## Exercise requirements
Everything in the listing below should be written out again exactly, except the pictures.

## Data section
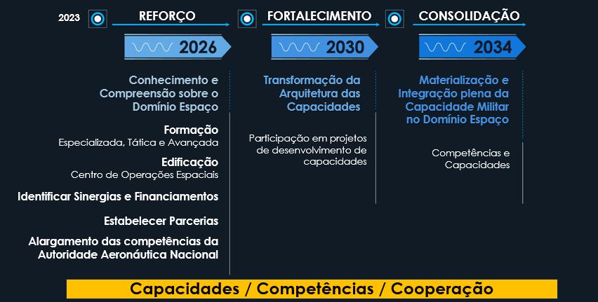 Numa segunda fase, de Fortalecimento, procura-se transformar a arquitetura das capacidades, como consequência das parcerias estabelecidas e dos resultados da participação em projetos de desenvolvimento de capacidades. A introdução gradual de novas capacidades espaciais será efetuada de forma integrada e coerente, com ênfase na maximização do produto operacional da Força Aérea.
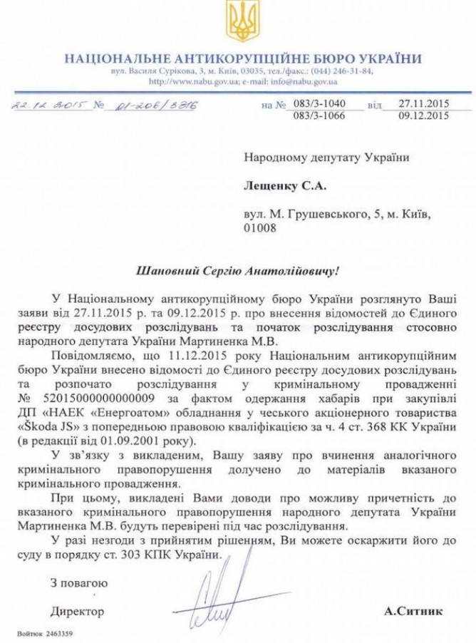 «При этом, изложенные Вами доводы о возможной причастности к указанному уголовному нарушению нардепа Мартыненко будут проверены во время расследования», — сказано в документе.
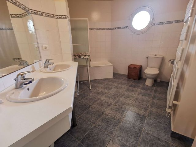 - A l'étage : salle de séjour - salon avec cheminée avec insert, espace ouvert salle à manger - cuisine aménagée et équipée, chambre avec salle de bains-wc donnant accès à deux balcon-terrasses, wc avec lave-mains.
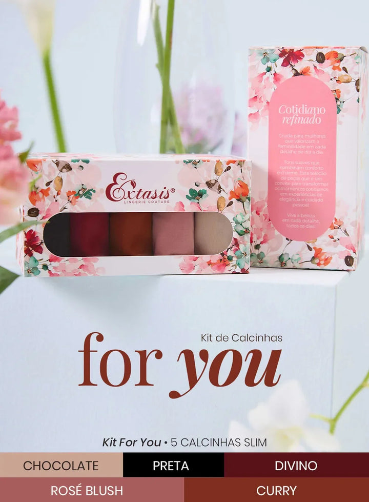 O Kit de Calcinhas For You foi desenvolvido para a rotina prática das nossas mulheres, que valoriza conforto sem abrir mão do estilo. Composto por cinco calcinhas de modelagem slim, o kit reúne tons que vão dos mais românticos aos clássicos, trazendo versatilidade e charme para o dia a dia. Disponível em duas versões, é perfeito tanto para renovar sua gaveta de básicos quanto para presentear alguém especial, com a delicadeza e qualidade que só a Extasis proporciona.

## Solved problem
 Numa segunda fase, de Fortalecimento, procura-se transformar a arquitetura das capacidades, como consequência das parcerias estabelecidas e dos resultados da participação em projetos de desenvolvimento de capacidades. A introdução gradual de novas capacidades espaciais será efetuada de forma integrada e coerente, com ênfase na maximização do produto operacional da Força Aérea.
 «При этом, изложенные Вами доводы о возможной причастности к указанному уголовному нарушению нардепа Мартыненко будут проверены во время расследования», — сказано в документе.
 - A l'étage : salle de séjour - salon avec cheminée avec insert, espace ouvert salle à manger - cuisine aménagée et équipée, chambre avec salle de bains-wc donnant accès à deux balcon-terrasses, wc avec lave-mains.
 O Kit de Calcinhas For You foi desenvolvido para a rotina prática das nossas mulheres, que valoriza conforto sem abrir mão do estilo. Composto por cinco calcinhas de modelagem slim, o kit reúne tons que vão dos mais românticos aos clássicos, trazendo versatilidade e charme para o dia a dia. Disponível em duas versões, é perfeito tanto para renovar sua gaveta de básicos quanto para presentear alguém especial, com a delicadeza e qualidade que só a Extasis proporciona.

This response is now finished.